Genome-Wide Association Study Reveals Distinct Genetic Susceptibility of Thyroid Nodules From Thyroid Cancer

Abstract

CONTEXT: Thyroid nodules are very common, and 7% to 15% of them are diagnosed as thyroid cancer. However, the inherited genetic risk factors for thyroid nodules and their associations with thyroid cancer remain unknown. OBJECTIVE: To identify the genetic variants associated with susceptibility to thyroid nodules in comparison with thyroid cancer. DESIGN AND SETTING: We performed a three-stage genome-wide association study for thyroid nodules. The discovery stage involved a genome-wide scan of 811 subjects with thyroid nodules and 691 subjects with a normal thyroid from a population-based cohort. Replication studies were conducted in an additional 1981 cases and 3100 controls from the participants of a health checkup.
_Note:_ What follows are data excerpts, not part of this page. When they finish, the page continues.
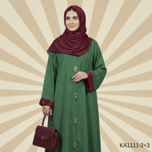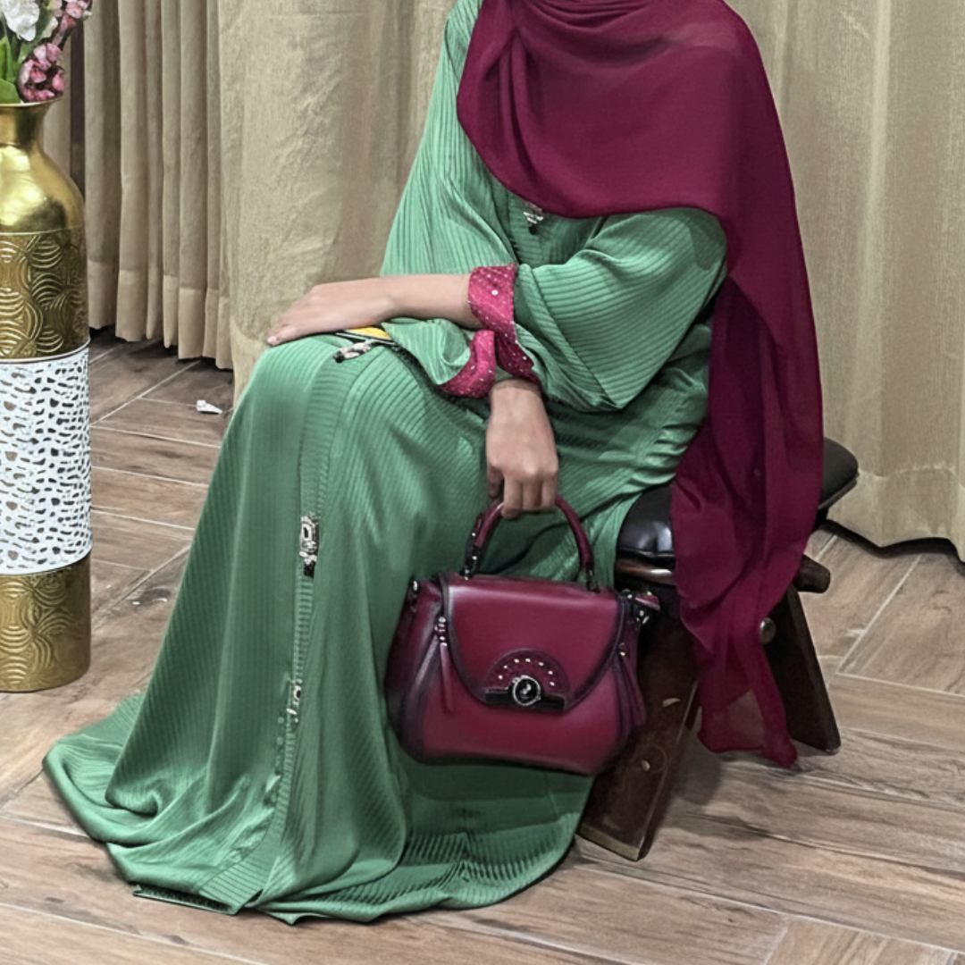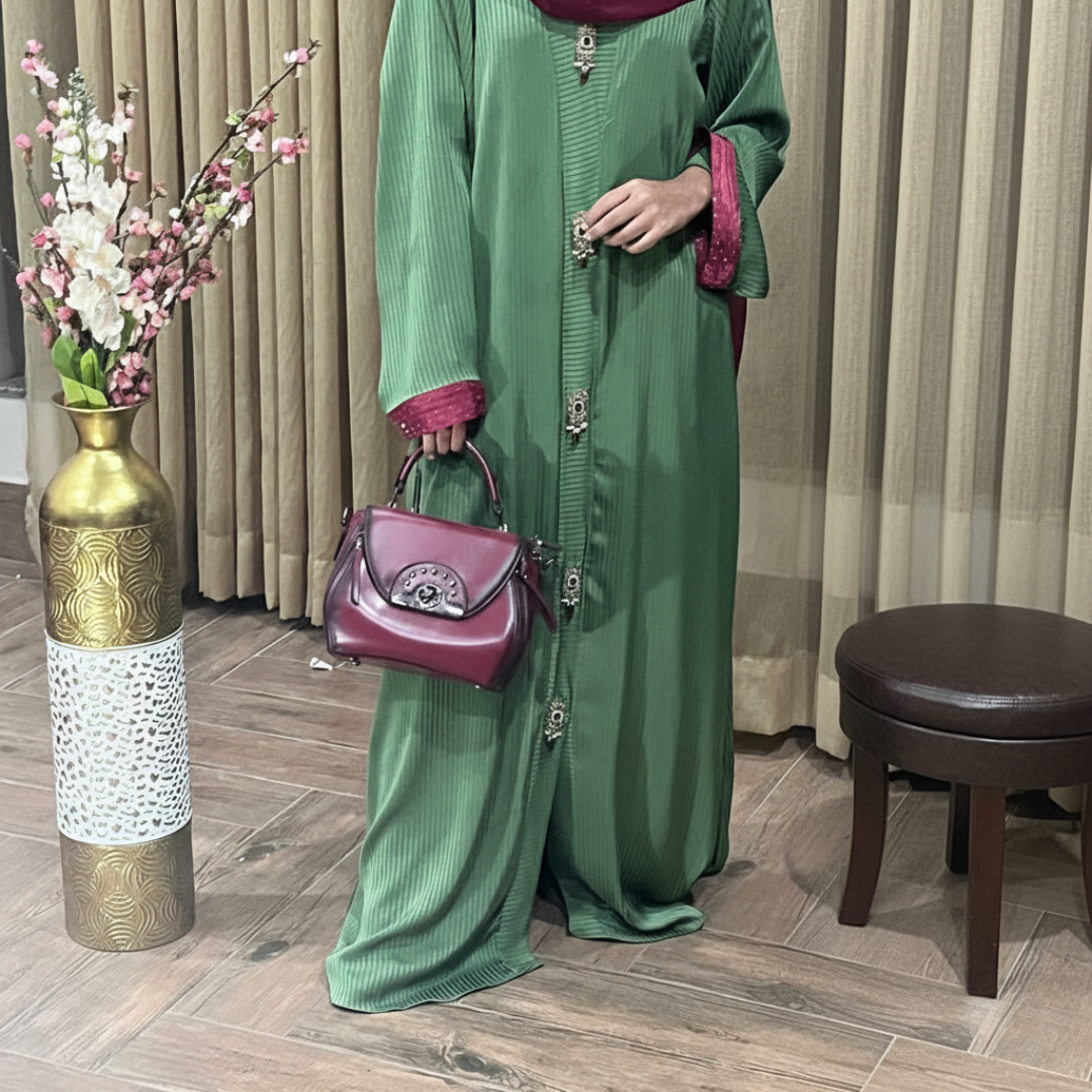The Royal Sheen Green Abaya features a refined front-open style, offering a graceful silhouette with a modern yet modest appeal.
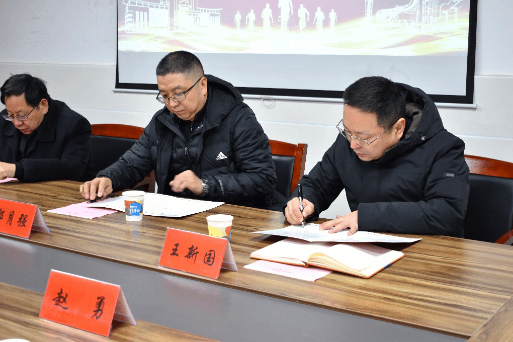 员工办主任王新国与郑月强员工签订玖久奖学金续捐协议(续捐10万元)。
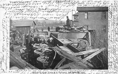 Very attractive and historic postcard showing view of 'Wreck of Erie Train (8?) at Falconer Jet, November 20, 1905.' The message to Stockholm, Sweden appears to be related in part to the event shown. Scarce card!
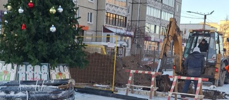 Рабочие вырыли котлован у новогодней елки в Петрозаводске
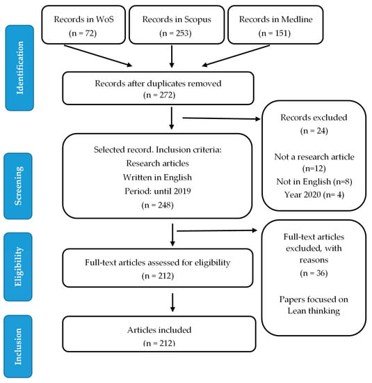 A systematic search following the PRISMA (Preferred Reporting Items for Systematic Reviews and Meta-Analyses) statement was carried out [25]. We used three databases for guaranteeing greater coverage [26]: WoS (Web of Science) core collection, Scopus, and Medline, for its relevance at the medical level. The analysis included research articles [27] published until 2019, written in English and gathered through the next search engine:
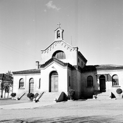 "Grup d’habitatges unifamiliars que en l’època es conegué amb el nom de Grupo 3 de abril ; Avinguda de Navarra, vista des de la carretera nacional núm. 240, actual Avinguda Alcalde Rovira Roure"
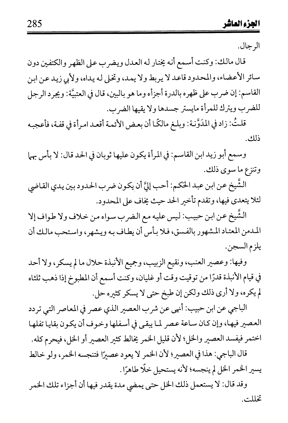 وفيها: وعصير العنب، ونقيع الزبيب، وجميع الأنبذة حلال ما لم يسكر، ولا أحد في قيام الأنبذة قدراً من توقيت وقت أو غليان، وكنت أسمع أن المطبوخ إذا ذهب ثلثاه لم يكره، ولا أرى ذلك ولكن إن طبخ حتى لا يسكر كثيره خل.
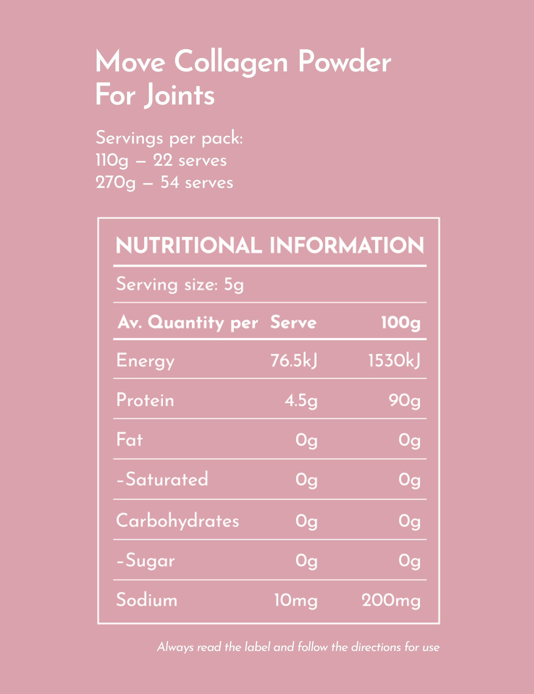 MOVE COLLAGEN FOR JOINTS: 100% Joint-Specific Bovine Collagen Peptides (5000mg per serve).

We also performed expression quantitative trait loci analysis of public data. RESULTS: The most robust association was observed in TRPM3 (rs4745021) in the joint analysis (OR, 1.26: P = 6.12 x 10-8) and meta-analysis (OR, 1.28: P = 2.11 x 10-8). Signals at MBIP/NKX2-1 were replicated but did not reach genome-wide significance in the joint analysis (rs2415317, P = 4.62 x 10-5: rs944289, P = 8.68 x 10-5). The expression quantitative trait loci analysis showed that TRPM3 expression was associated with the rs4745021 genotype in thyroid tissues. CONCLUSIONS: To the best of our knowledge, we have performed the first genome-wide association study of thyroid nodules and identified a susceptibility locus associated with thyroid nodules, suggesting that thyroid nodules have a genetic predisposition distinct from that of thyroid cancer.